The most immediately impactful application targets maternal health in rural areas. The ministry has launched a program to facilitate the performance and interpretation of ultrasounds using AI in rural health centers, designed specifically to support midwives and health workers in areas with limited access to specialist physicians. Pilot implementation is under way at the Aghbala health center in Béni Mellal province and the Moulay Bouazza center in Khénifra province. The program’s primary objective is the early detection of high-risk pregnancies — a category where timely identification is directly correlated with maternal and infant outcomes, and where the absence of specialist ultrasound capacity has historically been most damaging.

At the national level, the Institut National d’Oncologie at Ibn Sina University Hospital Complex in Rabat has deployed an AI-assisted early detection solution for breast cancer. The system is designed to accelerate and improve the precision of diagnosis, optimizing the probability of early-stage identification and thus the chances of successful treatment.
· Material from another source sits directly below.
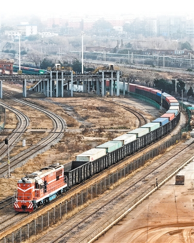 1月1日,一列裝有汽車配件的火車從中哈(連云港)物流合作基地發(fā)往哈薩克斯坦。

Breast cancer is Morocco’s most frequently diagnosed cancer in women, and early detection is the single most effective lever for reducing mortality.

Tehraoui also outlined a third, broader program: a national initiative to progressively unify the information systems of Morocco’s health establishments within an integrated digital network. Significant progress has been made in several regions through the rollout of hospital systems, the integration of primary health centers, and the networking of establishments. The ultimate goal is the unified medical record, enabling the tracking of each patient’s therapeutic pathway across different levels of care and facilitating the deployment of telemedicine services in regions facing specialist shortages.

The three programs collectively represent a deliberate attempt by Morocco’s health system to compress the gap between its ambitions for universal health coverage and the reality of its specialist human capital constraints. AI, in the minister’s framing, is not a substitute for additional doctors and specialists — it is a force multiplier that extends the reach of the skills that exist, particularly into rural and underserved areas.